You do get the HP output which is nice, and the input tubes are more standard (12AU7/12AX7), although some people dislike those.
Also, building on the PCB is faster compared to P2P (cutting the wires to length on the Mainline was a real pain for me).


----------



## HiGHFLYiN9

Some of the old diy dudes are here  I owned the Mainline for a while and listened to the Elekit with the Lundahls at Capital Audio Fest. The Mainline has very close to a solid state sound, whereas the TU-8600 sounds like a well-made traditional 300B SET, warm yet detailed. I'd personally take the Elekit any day of the week, but it is a more expensive amp. I did have enough fancy parts in the Mainline to be the same price, so whether that is apples to apples I leave that to your judgement. I prefer the 6SN7, 12SL7, etc. driver tubes over the 12AU7 X 2 + 12AX7 in the Elekit, but we can't have it all, can we?  ...well, unless you want to pony up for the Cayin HA-300.

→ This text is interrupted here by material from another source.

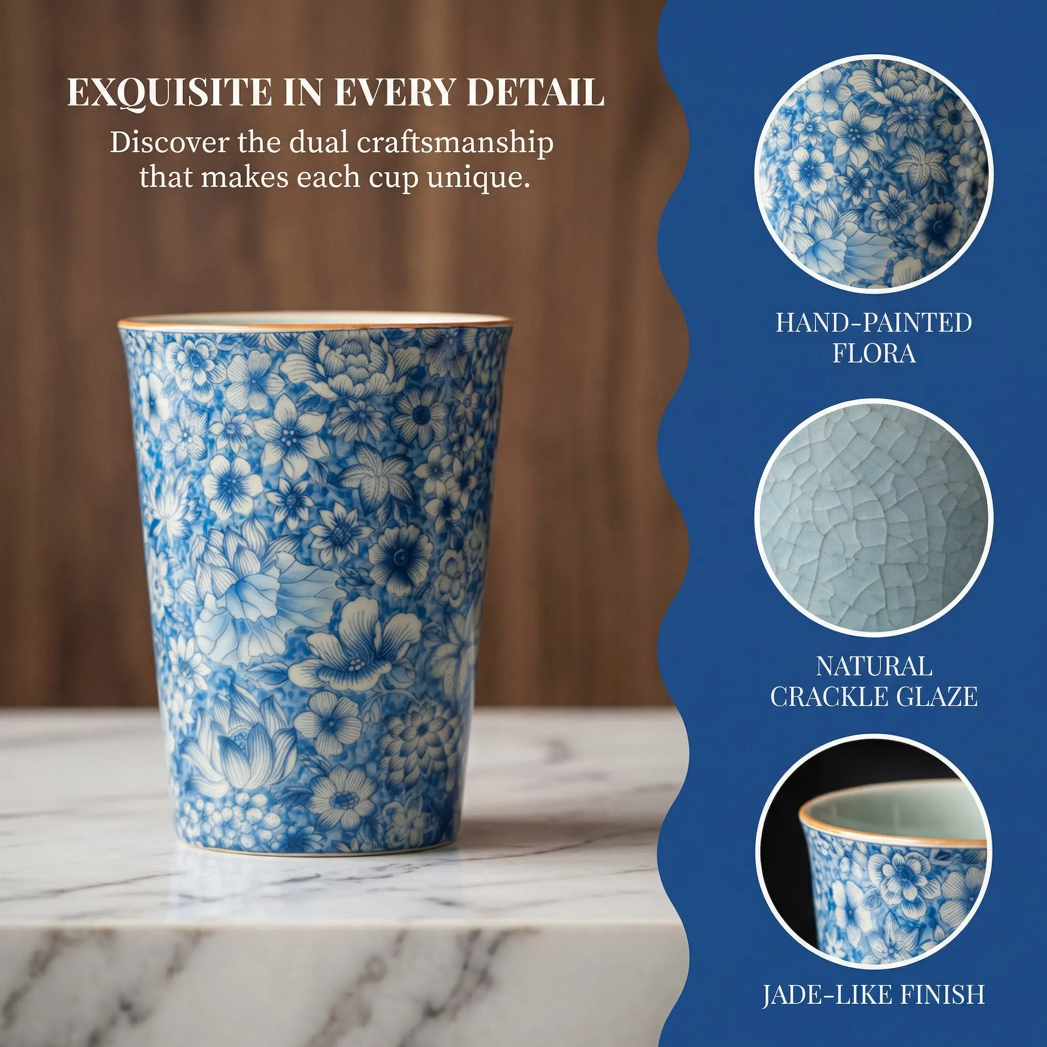 Viral Blue And White Floral Ceramic Teacup | Traditional Chinese Handcrafted Tea Lover Gift

Jamie I know a fellow with a PCB you might be interested in. Sending PM.


----------



## smodtactical

HiGHFLYiN9 said:


> Some of the old diy dudes are here  I owned the Mainline for a while and listened to the Elekit with the Lundahls at Capital Audio Fest. The Mainline has very close to a solid state sound, whereas the TU-8600 sounds like a well-made traditional 300B SET, warm yet detailed. I'd personally take the Elekit any day of the week, but it is a more expensive amp. I did have enough fancy parts in the Mainline to be the same price, so whether that is apples to apples I leave that to your judgement. I prefer the 6SN7, 12SL7, etc. driver tubes over the 12AU7 X 2 + 12AX7 in the Elekit, but we can't have it all, can we?  ...well, unless you want to pony up for the Cayin HA-300.
> 
> Jamie I know a fellow with a PCB you might be interested in. Sending PM.

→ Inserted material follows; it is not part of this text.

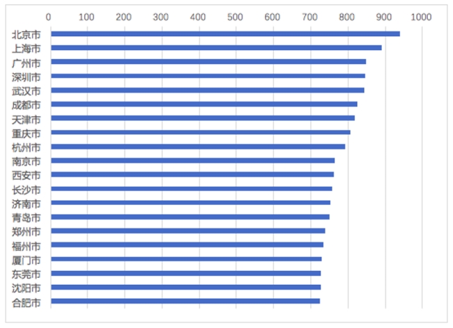 城市旅游美誉度指数主要通过问卷调查、网络舆情数据内容分析计算,网络舆情数据主要来源于微博、微信、网页、论坛、客户端、报刊等。综合对各项数据的评价分析,城市旅游美誉度指数排名前五的城市依次为北京、上海、广州、深圳、武汉,成都位列第六。

You think the ha300 is better than the elekit?


----------



## HiGHFLYiN9

They're similar in performance, I'd have to have them side by side to make that call. Given my attenuation, rectification and driver tube preferences I'd probably prefer the HA-300, but maybe there's some unknown secret sauce in the Elekit that would change my mind. Do note these are preferences versus better/worse, but the 300B is already a polarizing tube so you probably knew that already... some people would say 2A3s are better, some 45s, it's all in the ear of the beholder


----------



## JamieMcC

I noticed on the Elekit website they have a new amp due to be released this month that you can swap between 300b and 2a3 reads like it's just plug and play. Didn't see any pricing.


300B/2A3 SE POWER AMP KIT [ TU-8900E ]


----------



## HiGHFLYiN9

Nice! Here's a link for anyone interested: https://www.elekit.co.jp/en/product/TU-8900E


----------



## JamieMcC (Aug 17, 2021)

Posted today includes comparison to the Mainline


----------



## smodtactical

HiGHFLYiN9 said:


> They're similar in performance, I'd have to have them side by side to make that call. Given my attenuation, rectification and driver tube preferences I'd probably prefer the HA-300, but maybe there's some unknown secret sauce in the Elekit that would change my mind. Do note these are preferences versus better/worse, but the 300B is already a polarizing tube so you probably knew that already... some people would say 2A3s are better, some 45s, it's all in the ear of the beholder



How would ha300 or tu8600  compare to stellaris or ec studio or other totl amps?


----------



## HiGHFLYiN9

I personally haven't heard either. I prefer the Linear Tube Audio MZ3 over the HA300 with most headphones. It's very neutral and non fatiguing. The HA300 leans warmer and less resolving on the top end, but sometimes that can be nice. I think I have a still-active discount code for LTA if you decide you want to go that route.


----------



## smodtactical

HiGHFLYiN9 said:


> I personally haven't heard either. I prefer the Linear Tube Audio MZ3 over the HA300 with most headphones. It's very neutral and non fatiguing. The HA300 leans warmer and less resolving on the top end, but sometimes that can be nice. I think I have a still-active discount code for LTA if you decide you want to go that route.


Thank you! PMd


----------



## JamieMcC

https://www.diyaudio.com/forums/elekit/374425-elekit-tu-8900-2a3-300b.html


----------



## itsikhefez

I'm definitely not an expert but does a 12AU7 have enough drive capability for a 300B? I know atleast with the TU-8600S that it had 2 stages of gain. That said, it was also possible to use the 12BH7A with the Neurochrome DG300B so perhaps its fine.


----------



## HiGHFLYiN9

itsikhefez said:


> I'm definitely not an expert but does a 12AU7 have enough drive capability for a 300B? I know atleast with the TU-8600S that it had 2 stages of gain. That said, it was also possible to use the 12BH7A with the Neurochrome DG300B so perhaps its fine.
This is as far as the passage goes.